To date, 672 cases of ALCL have been reported worldwide, 17 of which have resulted in death. It is estimated that breast implants have been fitted to over 10 million women.
In December 2018, the ANSM (Agence Nationale de Sécurité du Médicament, France) suspended the marketing authorization for Allergan's textured breast implants in the EU, Iceland, Liechtenstein, Norway, and Switzerland. As more than 50% of ALCL cases have been linked to Allergan's textured implants, the agency suspended sales and is investigating whether the CE marking and marketing authorization for these implants can be renewed.
ACLC only occurs with rough implants. The reason for this is unknown. The origin, progression, and treatment of the disease are unclear. Chronic prolonged inflammation in the tissue appears to trigger the disease. According to one theory, breast hardening, which is an infection caused by bacteria, may lead to ALCL in some cases. Preventing capsule formation could prevent ALCL. We have been using a surgical technique for the past 10 years that minimizes capsule formation.
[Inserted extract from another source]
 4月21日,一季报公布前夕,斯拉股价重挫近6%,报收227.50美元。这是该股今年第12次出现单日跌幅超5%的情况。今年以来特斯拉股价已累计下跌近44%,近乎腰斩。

Therefore, the risk of ALCL should be very low if the theory holds true.
The symptom of ALCL is rapid and severe swelling of the breast, on average 7-8 years after breast implant surgery. Diagnosis requires draining fluid from the breast and microscopic examination. Obtaining a definitive diagnosis requires special staining and takes weeks. The disease can be treated. Usually, complete removal of the capsule around the affected breast and follow-up are sufficient.
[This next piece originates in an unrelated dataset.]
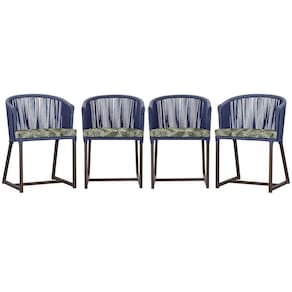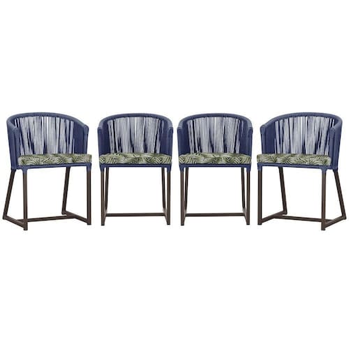 4 Cadeiras De Jantar Noronha Marrom Corda Náutica E5 Trama Azul
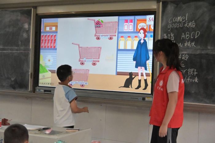 圖為志愿者在英語課上用趣味游戲讓孩子們了解到了日常食品,并加深了孩子們的印象。多彩大學生網通訊員黃夢婷攝

Reason for concern? The disease is extremely rare, even if it were more common than initial reports suggested. There is no reason to remove or replace McGhan or Allergan implants. If your breasts become swollen a few years after surgery, you should consult a plastic surgeon who will take a cell sample from inside the breast. Mammography, MRI, or ultrasound examinations cannot provide a diagnosis.
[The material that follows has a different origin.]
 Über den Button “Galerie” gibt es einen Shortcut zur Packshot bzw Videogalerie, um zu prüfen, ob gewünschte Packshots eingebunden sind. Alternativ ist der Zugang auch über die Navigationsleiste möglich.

We switched to smooth-surfaced Motiva implants over three years ago. There have been no reports of ALCL with Motiva implants, and overall, problems occur in less than 1% of surgeries. The shape of the breast is also pleasing, and the softness is in a class of its own.
Updated January 28, 2019
ANSM decides on CE marking for Natrelle implants on February 7-8, 2019
It is estimated that there are over 30 million women worldwide who have breast implants.
Updated February 15, 2019
Here is the ANSM decision regarding textured implants: “The committee’s recommendation to the ANSM said that Allergan BioCell implants should no longer be sold, and that caution should be applied to the use of all roughly textured implants. It said other textured implants remained appropriate for some patients and recommended against preventive explant surgery for patients who already have Allergan BioCell implants.”
Rough implants are therefore not recommended for replacement for medical reasons.
Updated April 5, 2019
The ANSM decision concerns certain models from Natrelle, Arion, Nagor, Polytech, Sebbin, and Eurosilicone (see ansm.sante.fr). Due to the rarity of ALCL, preventive removal is not recommended.
Updated May 3, 2019
The Food and Drug Administration (FDA, USA) continues to allow the use of Natrell, Mentor, and Sientra textured breast implants and tissue expanders, as there is insufficient scientific evidence to ban them. You can read the decision (May 2, 2019) here:
Updated on August 11, 2019
Allergan has withdrawn Biocell textured breast implants and tissue expanders from the market worldwide.
There are still no medical reasons for replacing old Biocell-coated implants.